Mortgages 101

Buying a home can be exciting but at the same time—stressful. With finances clear in mind, it is easy to feel intimidated. But don’t worry! We got you covered. Here are the basic mortgage plans you can choose from.

5 types of mortgage loans:
1. Conventional mortgages
2. Jumbo mortgages
3. Government-insured mortgages
4. Fixed-rate mortgages
5. Adjustable-rate mortgages

A conventional mortgage is is a home loan that’s not insured by the federal government. There are two types of conventional loans: conforming and non-conforming loans. A conforming loan simply means the loan amount falls within maximum limits set by Fannie Mae or Freddie Mac, government agencies that back most U.S. mortgages. On the other hand, loans that don’t meet these guidelines are considered non-conforming loans. Jumbo loans are the most common type of non-conforming loan. Generally, lenders require you to pay private mortgage insurance on many conventional loans when you put down less than 20 percent of the home’s purchase price.

Jumbo mortgages are conventional loans that have non-conforming loan limits.
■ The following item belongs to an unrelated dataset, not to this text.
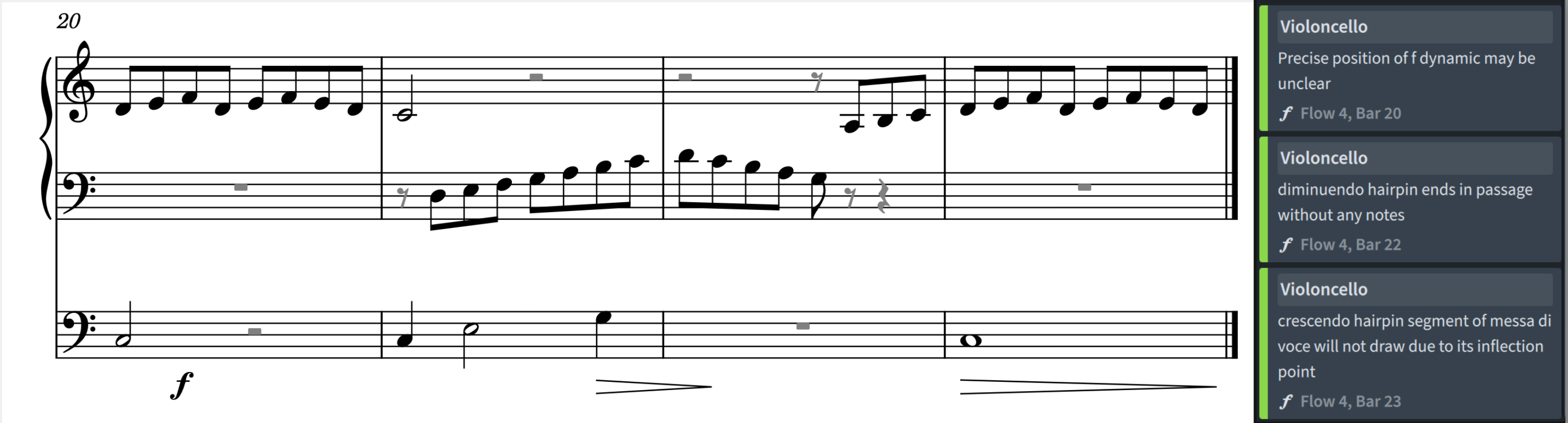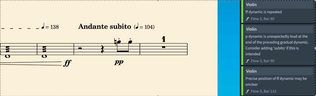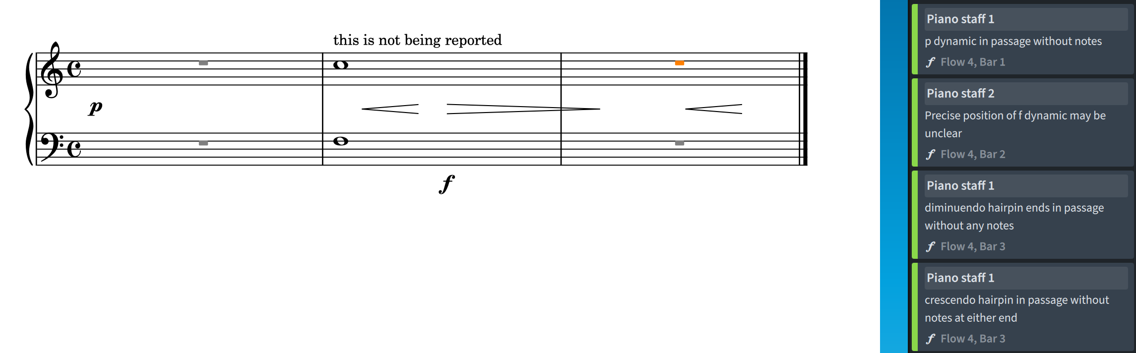 - If the music is not completely devoid of dynamics, the absence of a dynamic under the first note or chord of a player will be reported as suspicious — even though I could not reproduce it in my tests. The same will happen for the first note following an instrument change.

This means the home prices exceed federal loan limits. For 2018, the maximum conforming loan limit for single-family homes in most of the U.S. is $453,100, according to the Federal Housing Finance Agency. In certain high-cost areas, the price ceiling is $679,650. Jumbo loans are more common in higher-cost areas and generally require more in-depth documentation to qualify.

The U.S. government isn’t a mortgage lender, but it does play a role in helping more Americans become homeowners. Three government agencies back loans: the Federal Housing Administration (FHA loans), the U.S. Department of Agriculture (USDA loans) and the U.S. Department of Veterans Affairs (VA loans). Government-insured loans are ideal if you have low cash savings, less-than-stellar credit and can’t qualify for a conventional loan. VA loans tend to offer the best terms and most flexibility compared to other loan types for military borrowers.

Fixed-rate mortgages keep the same interest rate over the life of your loan, which means your monthly mortgage payment always stay the same. Fixed loans typically come in terms of 15 years, 20 years or 30 years. If you plan to stay in your home for at least seven to 10 years, a fixed-rate mortgage offers stability with your monthly payments.

Unlike the stability of fixed-rate loans, adjustable-rate mortgages (ARMs) have fluctuating interest rates that can go up or down with market conditions. Many ARM products have a fixed interest rate for a few years before the loan resets to a variable interest rate for the remainder of the term. Look for an ARM that caps how much your interest rate or monthly mortgage rate can increase so you don’t wind up in financial trouble when the loan resets.